U.S. Pat. No. 5,065,013 for OPTICAL ENCODERS USING TRANSMITTED AND REFLECTED LIGHT DETECTION AND HAVING COMPLEMENTARY OUTPUT, issued Nov. 12, 1991 to Robert M. Taylor; U.S. Pat. No. 5,569,912 for OPTICAL VELOCITY MEASURING WITH EFFICIENT USE OF RADIATION PASSING THROUGH PATTERNS OF DISCS, issued Oct. 29, 1996 to Everardus T. G. Turk, et al.; and U.S. Pat. No. 5,763,874 for INCREMENTAL OPTICAL ENCODER HAVING PARTIALLY OPAQUED QUADRATURE DETECTORS, issued Jun. 9, 1998, all teach rotary optical encoders possibly suitable for constructing a disc-like rotary encoder for use with the present invention.

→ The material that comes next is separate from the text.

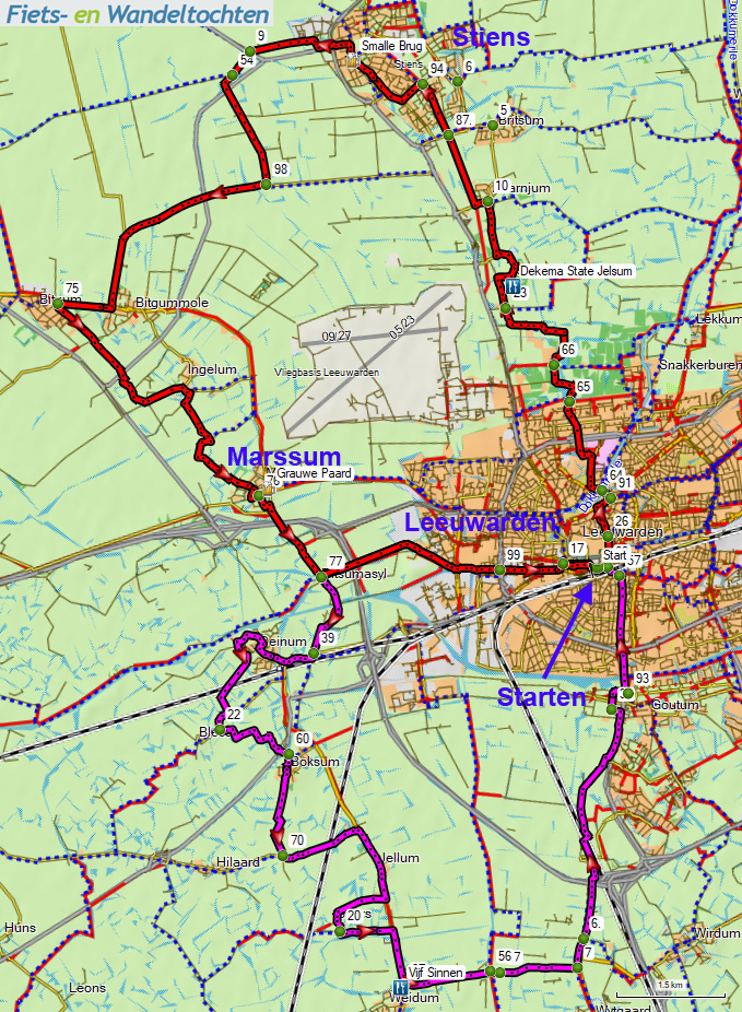 Leeuwarden, Fietsknooppuntroute (25, 28 of 45 km).

However, none of these patents teaches such an encoder or suggests the use of such an encoder in an application such as generating scratch effects in a digitized audio signal supplied from a digital signal source such as a CD.

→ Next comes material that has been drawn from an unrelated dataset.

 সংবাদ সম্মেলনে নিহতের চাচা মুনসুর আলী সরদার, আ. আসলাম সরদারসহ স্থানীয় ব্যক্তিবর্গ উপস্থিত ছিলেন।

None of these patents, either individually or in combination, teaches or suggests a disc-like rotary encoder for creating scratch effects in an audio signal from a digital signal source.
It is therefore an object of the invention to provide a rotary encoder simulating a phonograph record for use as an input device to a digital scratch effect apparatus.
It is a further object of the invention to provide a rotary encoder simulating a phonograph record having a feel simulating a vinyl disc on a conventional turntable.
It is an additional object of the invention to provide a rotary encoder simulating a phonograph record which is intuitive to use.
It is another object of the invention to provide a rotary encoder simulating a phonograph record providing both speed and direction signals to a microprocessor-based digital signal processor for generating scratch effects.
The present invention provides a rotary encoder having the physical characteristics of a vinyl phonograph disc on a properly prepared turntable. A disc jockey (DJ) may intuitively use this encoder in a manner virtually identical to a conventional record and turntable to create scratch effects in a digitized musical signal being supplied from a digital signal source such as a CD, mini-disc, digital audio tape (DAT) or any other source of a musical signal. Speed and direction information from the encoder are used as inputs to a digital signal processor so that scratch effects typically produced by the manipulation of a vinyl record on a turntable may be simulated in the digital audio signal. The digital signal processing may be accomplished by a dedicated digital signal processor or by a digital signal processing program running on a general purpose digital computer such as a personal computer (PC).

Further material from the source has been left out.